Saturday, January 31, 2009

January 31, 2009


           Living dangerously. This is an ad for a homemade barbeque. You can see it is made from an old propane bottle. This one is smoking away. The ad specifies the maker is looking for used propane bottles, presumably those that no longer hold propane. The ad is posted on a local bulletin board read mostly by ESL types.
           I like the concept for a great recycle idea and the metal is probably safer than the tin models sold at WalMart. I’ve never barbequed anything in my life. As I once heard a man named Reynolds say, “I remember when we at inside the house and took a dump outside.” And he was elected mayor.
           Lesson learned at the office. Don’t try to get any intellectual work done on weekends. There are too many interruptions. Not one word-sync came out of today. It turns out each tune requires at least twenty minutes, even one distraction and you have to start over. I view such things as a positive distancing with any potential competition but it would still have been nice to get some mileage done today.

           Besides the laundry, I mean. I got the laundry done despite the fact the coin-op dryer up the road was out of service. That meant I was over using Teresa’s dryer. We visited for a few hours and confirmed we are decent company but quite different people than could have been imagined. One thing she mentions repeatedly is how I don’t hesitate to explain certain aspects of my personality. She insists this is not only unusual because I’m “open”, but because “most men don’t appear to have even thought about that”. The part I’ll agree with is that men don’t question what they don’t think about. Teresa has clearly been on the receiving end of that.
           During this process we watched a TV program called “Two And A Half Men”. I didn’t realize it was supposed to be funny because it was pathetic. For that brand of comedy, The Simpson’s moves twice as fast, and can claim occasional flashes of creativity. But the other show is just more of that mines-bigger-than-yours crap some men never grow out of.

           We also talked about income options. She is an advertising salesperson, what I consider to be a tough, stressful hard sell. Cold-calling for the newspapers. Still, she seems to have a knack and does speak of starting her own registered charity. I am all for that, I think it is a single provision in tax section 500. In case of that, I am elected to do the paperwork.
           She also knows people who have done the walkaround security work at the casinos, mentioning this pays $8 per hour. Piecing this together, that means anyone who runs the system that the security walkarounds follow must make twice that. It is the American way. So when Pete the Rock mentioned he knows the people who do the hiring at Gulfstream, suddenly I’m interested. I used to work in a control booth type situation. You’ve seen them on TV, the operators behind the overhead cameras that blanket casinos. Check in later because Pete the Rock says they hire part time.

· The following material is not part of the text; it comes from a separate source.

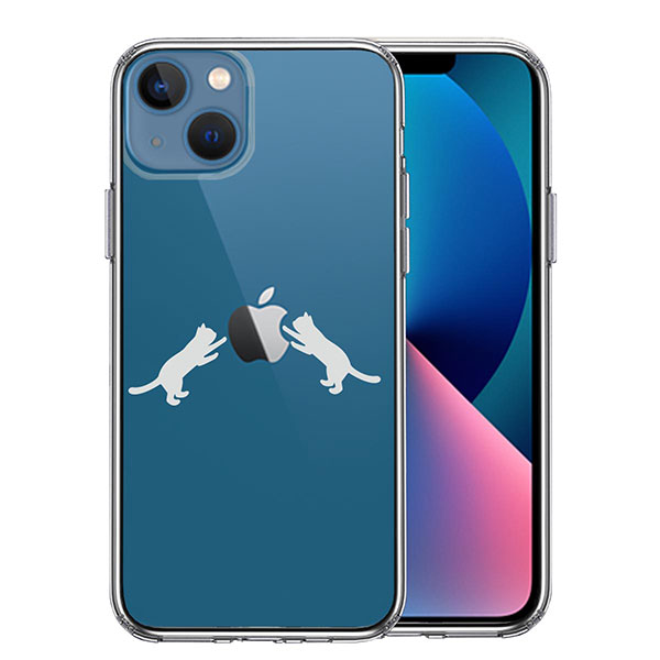 iPhone13mini ケース ハードケース ハイブリッド クリア にゃんこ りんご 取り合い 薄いグレー カバー アイホン アイフォン スマホケース
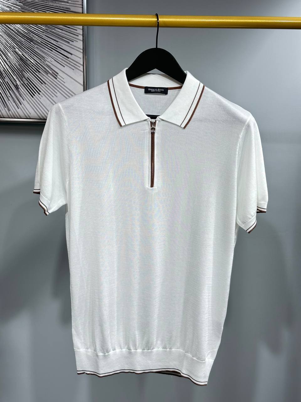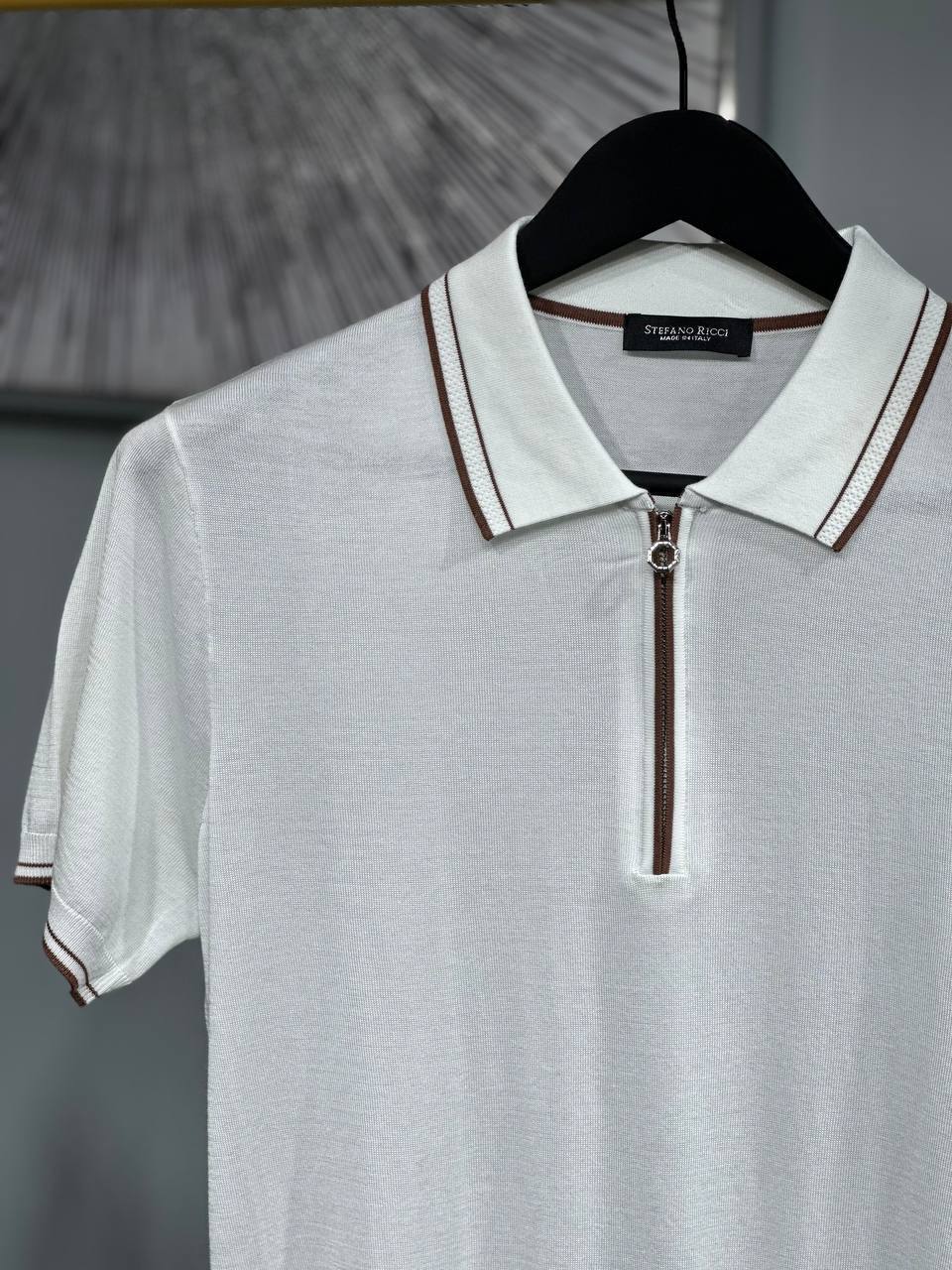 Поло Stefano Ricci LUX-83732 — это элегантное изделие, выполненное в классическом стиле. Белый цвет поло с коричневыми деталями придает ему изысканный вид. Его можно носить как в повседневной жизни, так и для создания более формальных образов.

           [Author’s note: yes, this is the first mention of Pete the Rock. He is a dude from New York who seems to know everybody over 60 in Broward County. That loud and booming voice you hear in parks and cafes while you are trying to talk on your cell phone? That’s Pete the Rock. He crashed here for a couple of weeks last month. Gets a big check once a year, prefers second-hand clothes, takes taxis everywhere.]

           I got up to the Barn after closing time and read an odd book about some of the dumb things that happen in crime investigation. Like the dog who pushed 911 on the phone by accident. When the police heard no voice, they traced the call. Then found 1500 marijuana plants at the address.